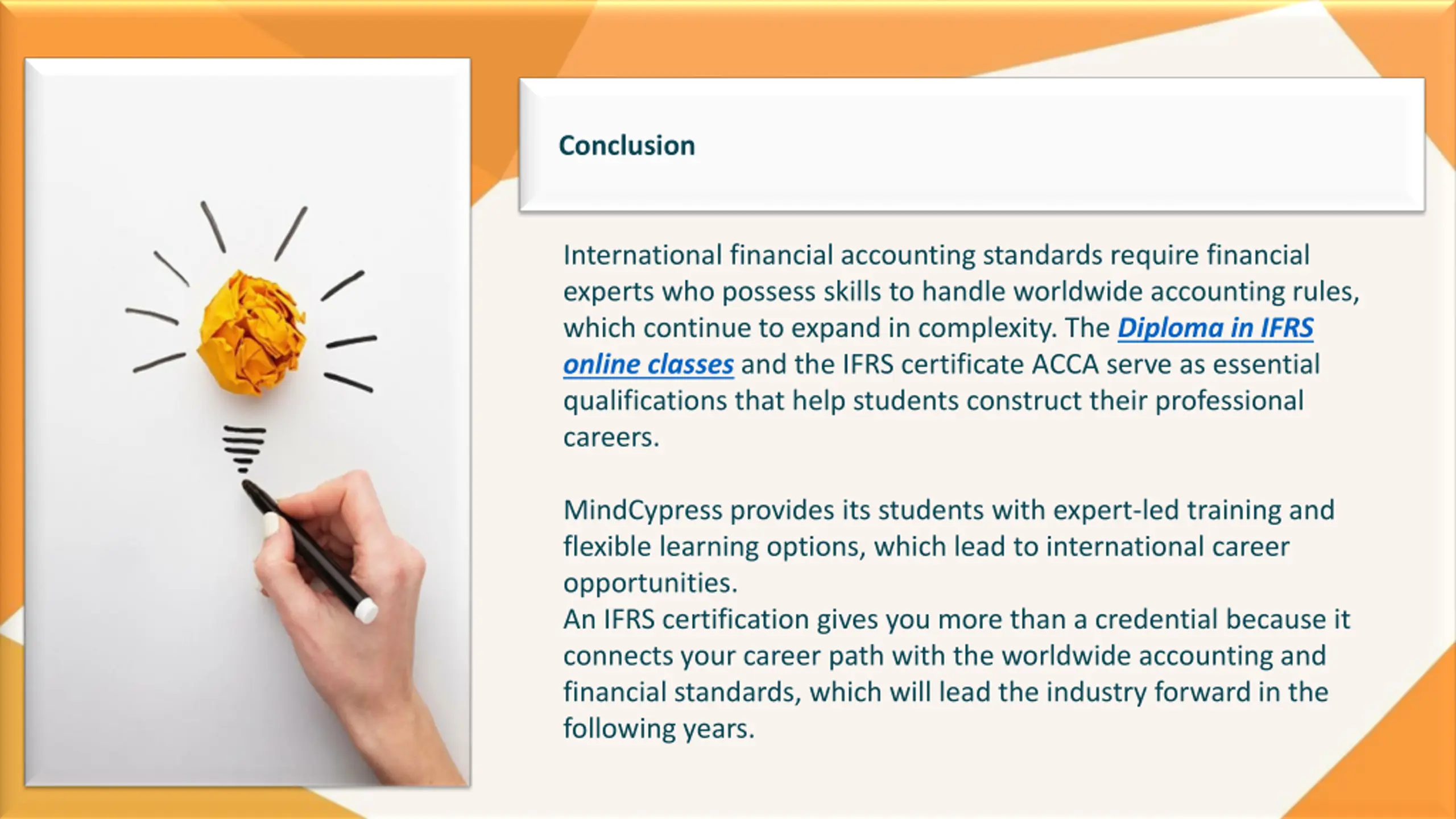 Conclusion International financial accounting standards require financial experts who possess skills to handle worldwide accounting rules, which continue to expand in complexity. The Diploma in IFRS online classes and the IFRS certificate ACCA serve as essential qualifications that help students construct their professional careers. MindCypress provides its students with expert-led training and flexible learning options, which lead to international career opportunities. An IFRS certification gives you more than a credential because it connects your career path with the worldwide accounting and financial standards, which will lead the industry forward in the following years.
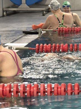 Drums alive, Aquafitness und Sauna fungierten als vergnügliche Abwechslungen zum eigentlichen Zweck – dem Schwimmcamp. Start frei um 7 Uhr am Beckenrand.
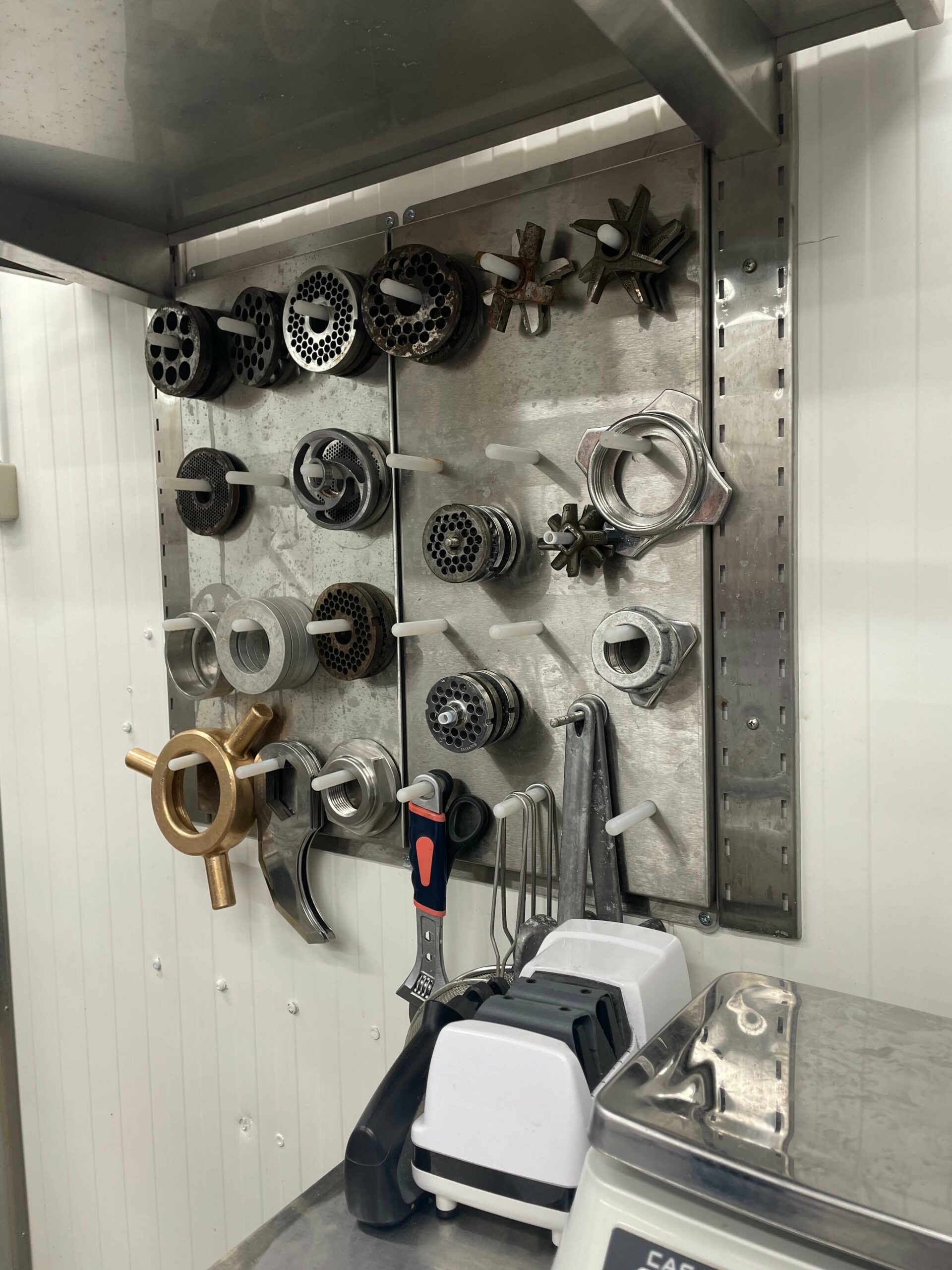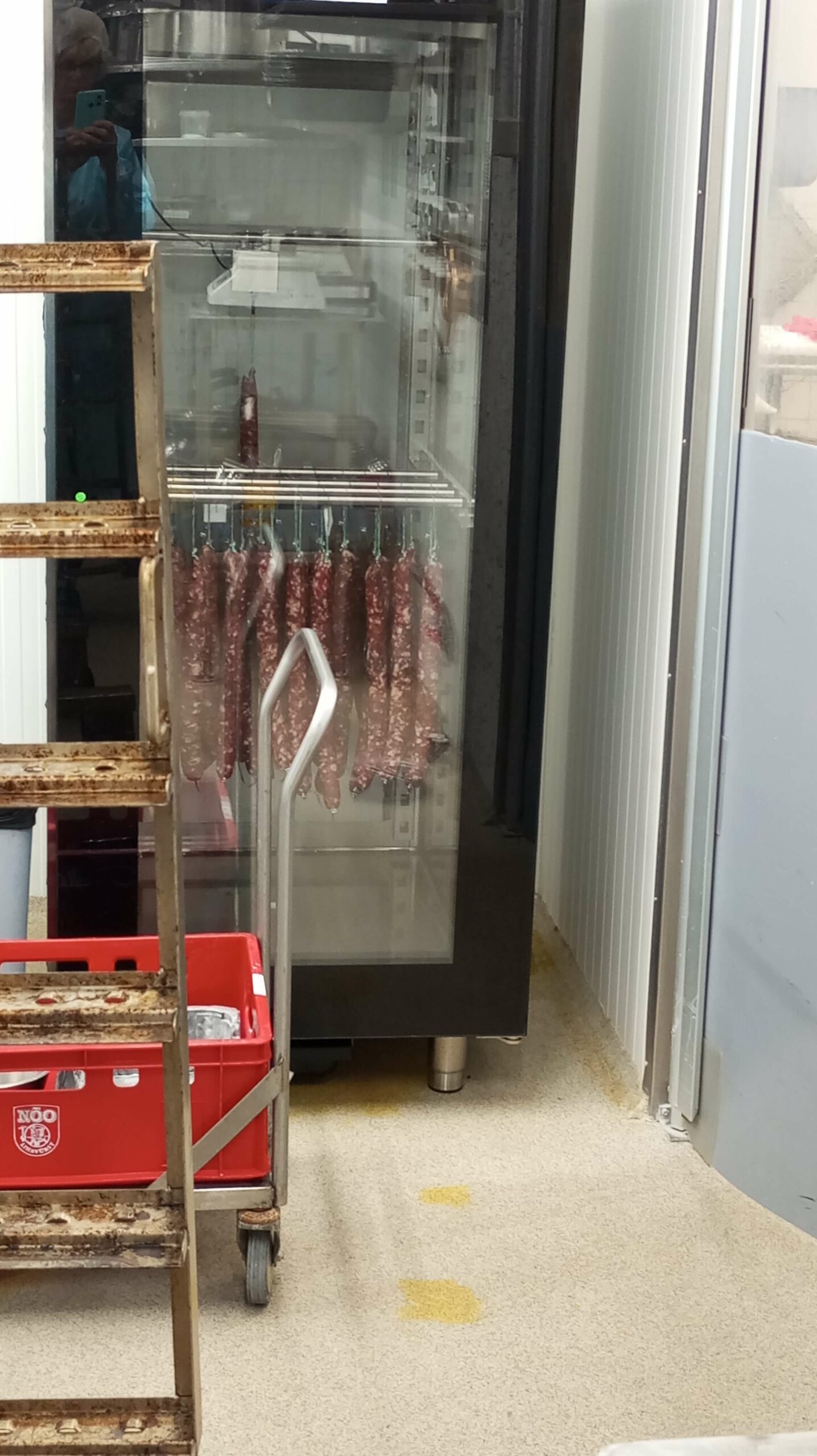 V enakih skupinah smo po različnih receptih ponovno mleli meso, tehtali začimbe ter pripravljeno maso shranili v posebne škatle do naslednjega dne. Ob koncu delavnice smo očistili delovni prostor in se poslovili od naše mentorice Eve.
# # # # # # #
The pictures are not wanted, but every line of the listing should be duplicated exactly.

- Solution to the problem -
 Conclusion International financial accounting standards require financial experts who possess skills to handle worldwide accounting rules, which continue to expand in complexity. The Diploma in IFRS online classes and the IFRS certificate ACCA serve as essential qualifications that help students construct their professional careers. MindCypress provides its students with expert-led training and flexible learning options, which lead to international career opportunities. An IFRS certification gives you more than a credential because it connects your career path with the worldwide accounting and financial standards, which will lead the industry forward in the following years.
 Drums alive, Aquafitness und Sauna fungierten als vergnügliche Abwechslungen zum eigentlichen Zweck – dem Schwimmcamp. Start frei um 7 Uhr am Beckenrand.
 V enakih skupinah smo po različnih receptih ponovno mleli meso, tehtali začimbe ter pripravljeno maso shranili v posebne škatle do naslednjega dne. Ob koncu delavnice smo očistili delovni prostor in se poslovili od naše mentorice Eve.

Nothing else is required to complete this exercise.